28-32 - Use capture-based approaches (SureSelect, Hybrid Select, etc.). Could also use long amplicon-based approaches. HiSeq likely required.
32-37 - Use short amplicon-based approach (e.g. Primal from Josh/Nick, AmpliSeq, etc.). MiSeq sufficient.
37 and higher - Yeah… good luck.

Most patient samples seem to be in the 34 - 38 range with only very few <32 and a fair number over 38. This is purely based on anecdotal evidence - I’m sure @n_j_loman could give you real data on that.

Sample selection? Saliva > Urine > Blood in our hands.

I’d change sample selection to mosquito > urine > saliva > blood


Really? I thought the amounts in mosquitos would be vanishingly low.
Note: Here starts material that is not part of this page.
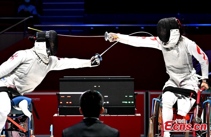 Players compete during the Women's Foil Team Final at the 4th Asian Para Games in Hangzhou, east China's Zhejiang Province, Oct. 24, 2023. (Photo: China News Service/Lv Ming)

Yes, here are the Ct values from the ZiBRA project:

Figure prepared by Nuno Faria.

Not only are mosquitos going to have small amounts of virus, infected mosquitos are likely to be very rare. Would be good to know which species of mosquitos are carrying Zika and where (and when) but it wouldn’t be an efficient way of doing genomic surveillance. At least you can take samples from humans that you are know are infected. In my opinion, hospitalised patients is a good way of getting a representative sample because sick patients will likely have higher viremia, and the fact they are sick will be a property of the host not the virus. Sick patients will travel to the hospital meaning you can get reasonably good coverage of the area.

Yes, so far all the mosquito pools we’ve tested have been RT-PCR negative for Zika.

Anyone seen these sequences?

Interestingly not actually true - lots and lots of virus in mosquitos, so Nate is right. Three pools of mosquitos also tested positive in Miami, so not quite as rare as one might think.

I’m new to this whole arbovirus thing, but apparently having lots of virus in mosquitos is a common feature of these viruses (e.g. West Nile and others).